%%

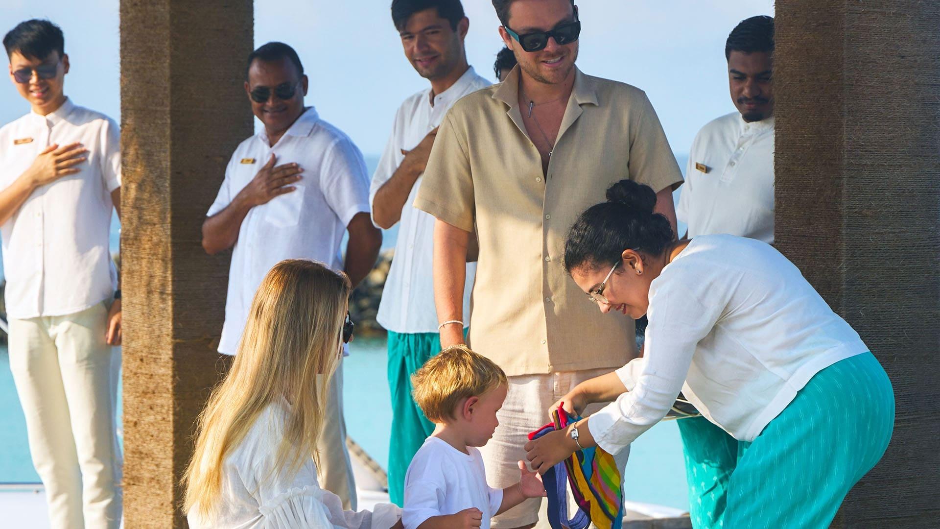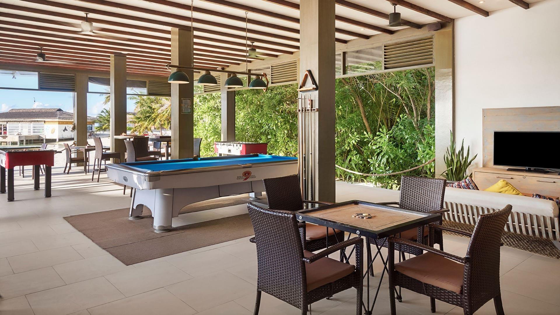 Sportlich stehen Schnorcheln, Tauchen, Jetski, Kajak, Windsurfen, Stand-up-Paddling und Kitesurfen zur Verfügung. Der Fitnessbereich bietet moderne Geräte, dazu Yoga im Pavillon sowie Meditationsstunden. Das preisgekrönte Overwater-Spa verfügt über sieben Behandlungsräume, einen Beauty Salon, eine Relax-Lounge und bietet Anwendungen mit balinesischen und ayurvedischen Einflüssen auf Basis von Phytomer-Produkten. Für Familien gibt es den Kids Club „Little Explorers“ mit Indoor- und Outdoor-Angeboten sowie Babysitting. Zur weiteren Ausstattung zählen ein Infinity-Pool mit Jacuzzi und Kinderbereich, eine Bibliothek, eine TV-Lounge, Brettspiele und ein Marine Sports Centre. Nachhaltigkeitsinitiativen umfassen Solarstrom, Recycling und eine eigene Wasserabfüllanlage.
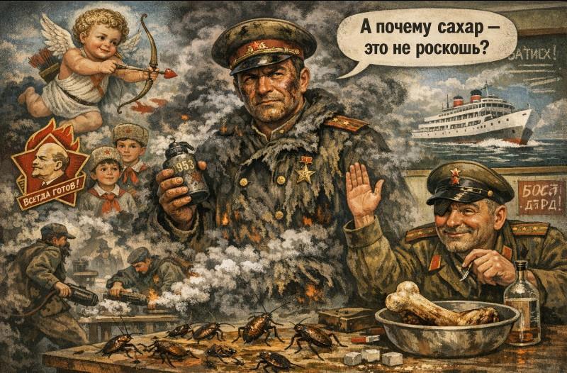 Замполит «Литрушкин» и его эпическая битва с фауной пищеблока при помощи химии 1953 года.
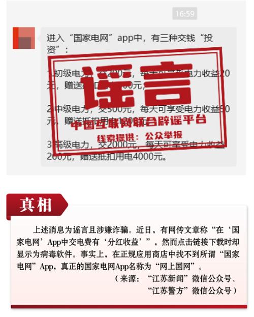 謠言1:在“國(guó)家電網(wǎng)”App中交電費(fèi)有分紅收益?
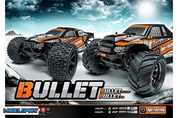 Under den splinternye maling har Bullet Flux en robust 8-chok dobbelt-ønskebensophæng, robust akseltræk, metalgear diff og pålideligt 2,4 GHz radiosystem. Alt du behøver at levere er en batteripakke - og nerver af stål til at styre den kraftfulde Bullet Flux!
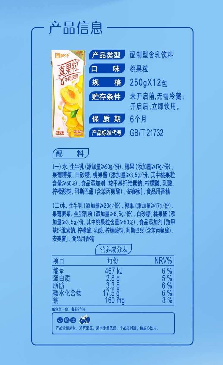 250ml*12/箱(黄桃味)
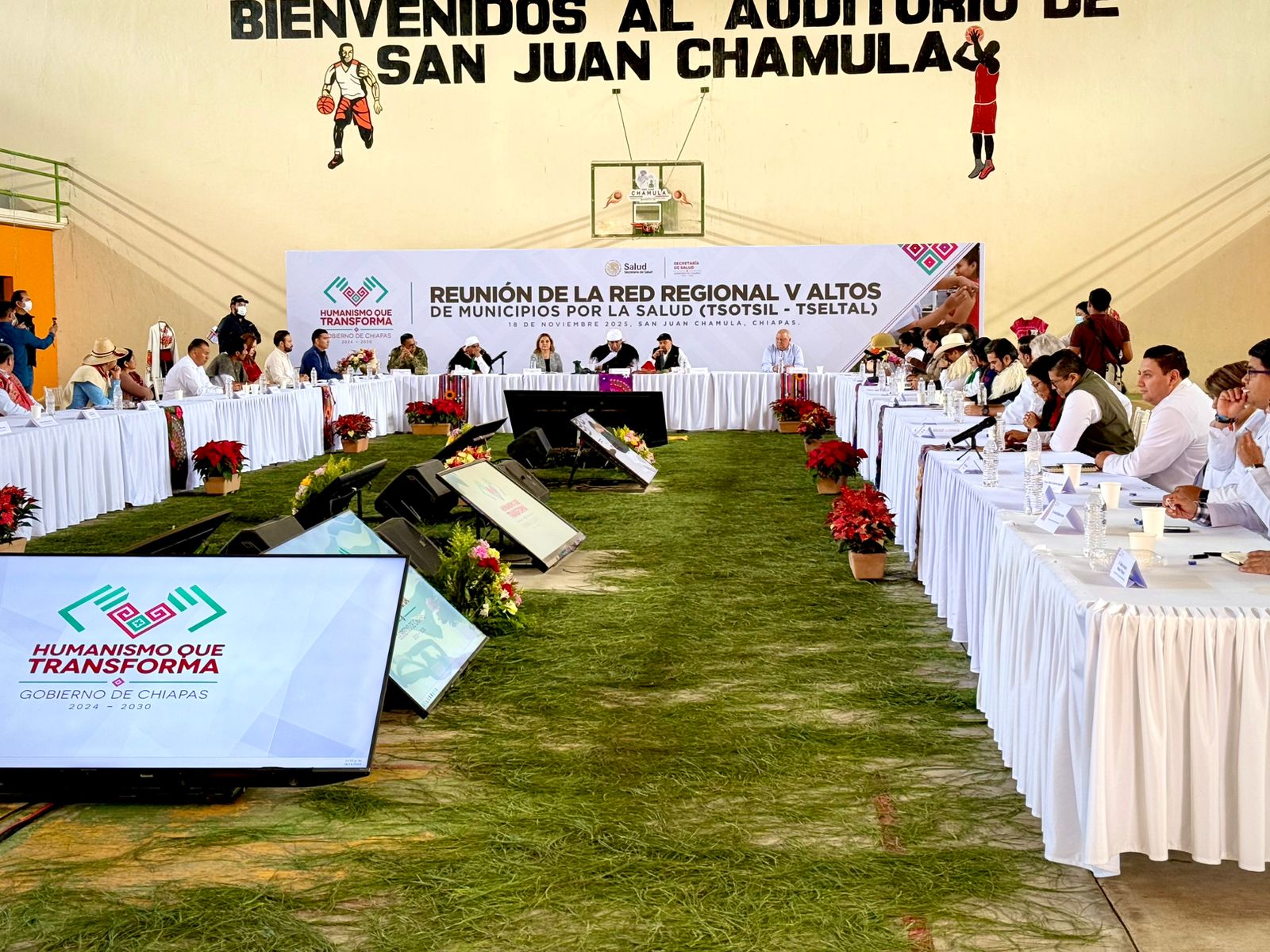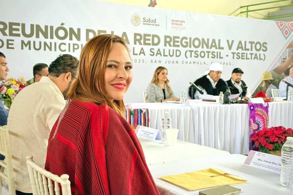 San Cristóbal de Las Casas, 18 de noviembre de 2025.- La presidenta municipal, Mtra. Fabiola Ricci Diestel, junto con la regidora Laura Gabriela Muñoz Montoya, presidenta de la Comisión de Salubridad y Asistencia, participó en la reunión de la Red de Municipios por la Salud (Tsotsil-Tseltal), encabezada por el gobernador de Chiapas, Dr. Eduardo Ramírez Aguilar. En este encuentro se congregaron presidentas y presidentes municipales de la región para coordinar esfuerzos en materia de salud pública.
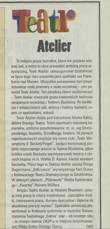 Archiwum / Teatr nr 2778 (27/1998) 29/31 Podziel się Tytuł Teatr Atelier Autor tak Rubryka Teatr Artykuł z numeru 2778 (2779/1998) Data wydania 20 grudnia 1998 Tagi Teatr Atelier Peter Brook
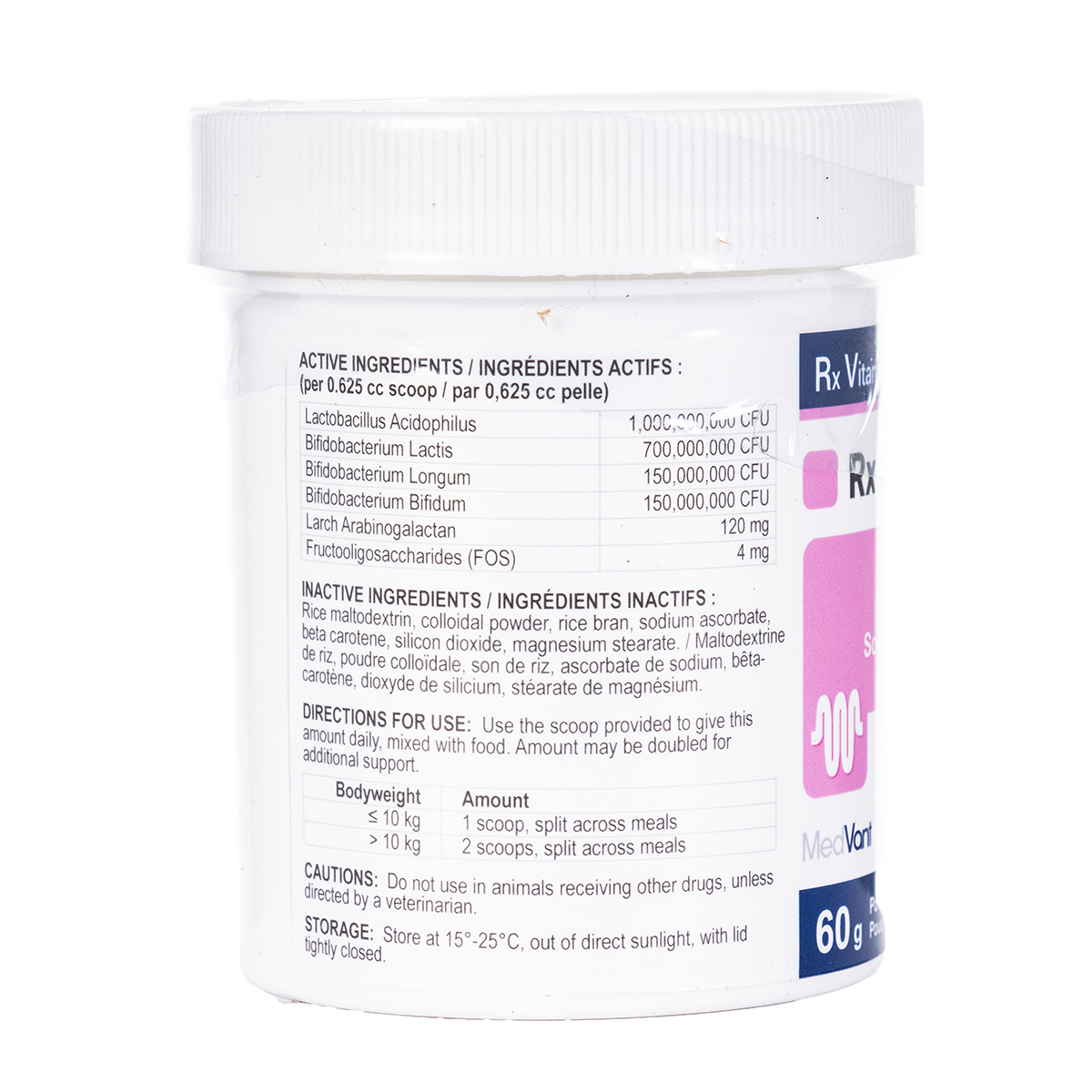 Contains multiple strains of high potency prebiotics and probiotics delivered in a palatable powder with no flavorings or additives, to help maintain normal, healthy intestinal micro-flora and normalize bowel ecology in dogs and cats.
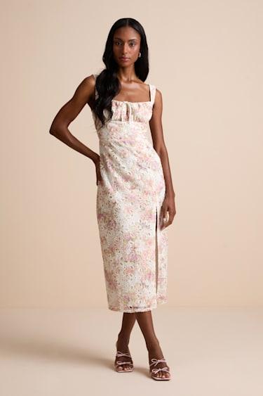 Designed to be the sweetest look in your closet, this chic woven dress features even chicer details that make it a must-have for summer soirees. Tapered straps support a fitted bodice with a tying drawstring detail along the scoop neckline and a gathered bust. Figure-skimming midi skirt boasts a side slit for effortless movement, while a vintage-style floral print and intricate pierced embroidery throughout makes this design truly compliment-worthy. Hidden back zipper/clasp.
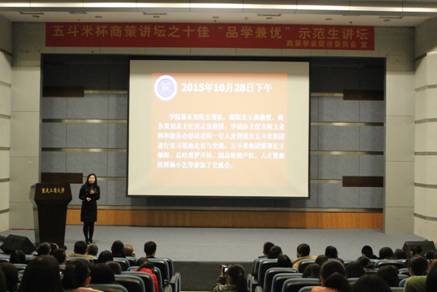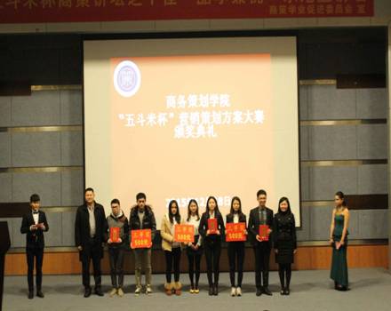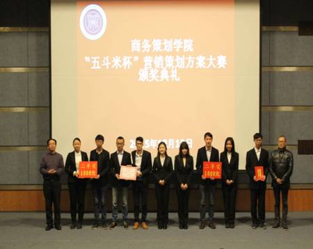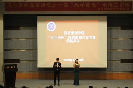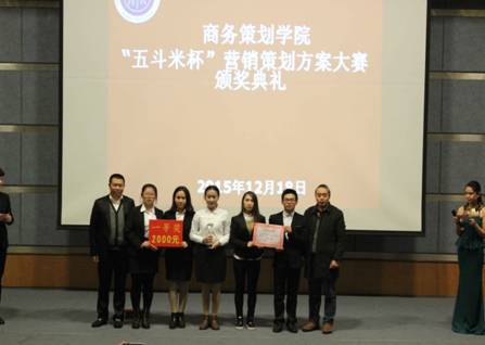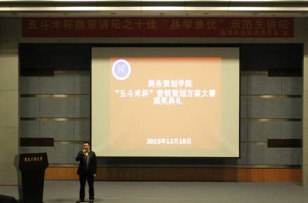 2015年12月18日15:00,商务策划公司“五斗米杯”营销策划方案大赛颁奖典礼在博智楼7100学术报告厅召开,应邀出席本次颁奖典礼的嘉宾有“五斗米”集团董事长王顺海先生、首席高级咨询顾问袁靖杰先生、总经理罗开林先生、商务策划公司经理骆东奇教授、副经理王燕教授、党总支副书记叶海林,以及营销策划研究会指导老师邓艺。
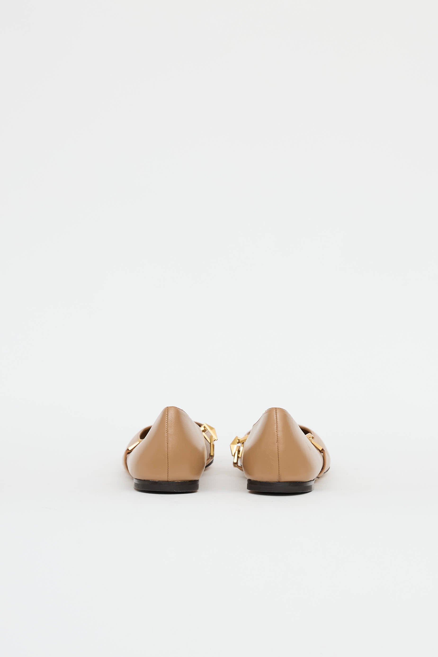 Pre-owned Jimmy Choo beige leather flat featuring a square toe, gold tone chain at vamp, and stacked heel.

%%

= What is being asked =
Copy all the lines of data exactly as they appear, dropping any images.

= The answer =
 Sportlich stehen Schnorcheln, Tauchen, Jetski, Kajak, Windsurfen, Stand-up-Paddling und Kitesurfen zur Verfügung. Der Fitnessbereich bietet moderne Geräte, dazu Yoga im Pavillon sowie Meditationsstunden. Das preisgekrönte Overwater-Spa verfügt über sieben Behandlungsräume, einen Beauty Salon, eine Relax-Lounge und bietet Anwendungen mit balinesischen und ayurvedischen Einflüssen auf Basis von Phytomer-Produkten. Für Familien gibt es den Kids Club „Little Explorers“ mit Indoor- und Outdoor-Angeboten sowie Babysitting. Zur weiteren Ausstattung zählen ein Infinity-Pool mit Jacuzzi und Kinderbereich, eine Bibliothek, eine TV-Lounge, Brettspiele und ein Marine Sports Centre. Nachhaltigkeitsinitiativen umfassen Solarstrom, Recycling und eine eigene Wasserabfüllanlage.
 Замполит «Литрушкин» и его эпическая битва с фауной пищеблока при помощи химии 1953 года.
 謠言1:在“國(guó)家電網(wǎng)”App中交電費(fèi)有分紅收益?
 Under den splinternye maling har Bullet Flux en robust 8-chok dobbelt-ønskebensophæng, robust akseltræk, metalgear diff og pålideligt 2,4 GHz radiosystem. Alt du behøver at levere er en batteripakke - og nerver af stål til at styre den kraftfulde Bullet Flux!
 250ml*12/箱(黄桃味)
 San Cristóbal de Las Casas, 18 de noviembre de 2025.- La presidenta municipal, Mtra. Fabiola Ricci Diestel, junto con la regidora Laura Gabriela Muñoz Montoya, presidenta de la Comisión de Salubridad y Asistencia, participó en la reunión de la Red de Municipios por la Salud (Tsotsil-Tseltal), encabezada por el gobernador de Chiapas, Dr. Eduardo Ramírez Aguilar. En este encuentro se congregaron presidentas y presidentes municipales de la región para coordinar esfuerzos en materia de salud pública.
 Archiwum / Teatr nr 2778 (27/1998) 29/31 Podziel się Tytuł Teatr Atelier Autor tak Rubryka Teatr Artykuł z numeru 2778 (2779/1998) Data wydania 20 grudnia 1998 Tagi Teatr Atelier Peter Brook
 Contains multiple strains of high potency prebiotics and probiotics delivered in a palatable powder with no flavorings or additives, to help maintain normal, healthy intestinal micro-flora and normalize bowel ecology in dogs and cats.
 Designed to be the sweetest look in your closet, this chic woven dress features even chicer details that make it a must-have for summer soirees. Tapered straps support a fitted bodice with a tying drawstring detail along the scoop neckline and a gathered bust. Figure-skimming midi skirt boasts a side slit for effortless movement, while a vintage-style floral print and intricate pierced embroidery throughout makes this design truly compliment-worthy. Hidden back zipper/clasp.
 2015年12月18日15:00,商务策划公司“五斗米杯”营销策划方案大赛颁奖典礼在博智楼7100学术报告厅召开,应邀出席本次颁奖典礼的嘉宾有“五斗米”集团董事长王顺海先生、首席高级咨询顾问袁靖杰先生、总经理罗开林先生、商务策划公司经理骆东奇教授、副经理王燕教授、党总支副书记叶海林,以及营销策划研究会指导老师邓艺。
 Pre-owned Jimmy Choo beige leather flat featuring a square toe, gold tone chain at vamp, and stacked heel.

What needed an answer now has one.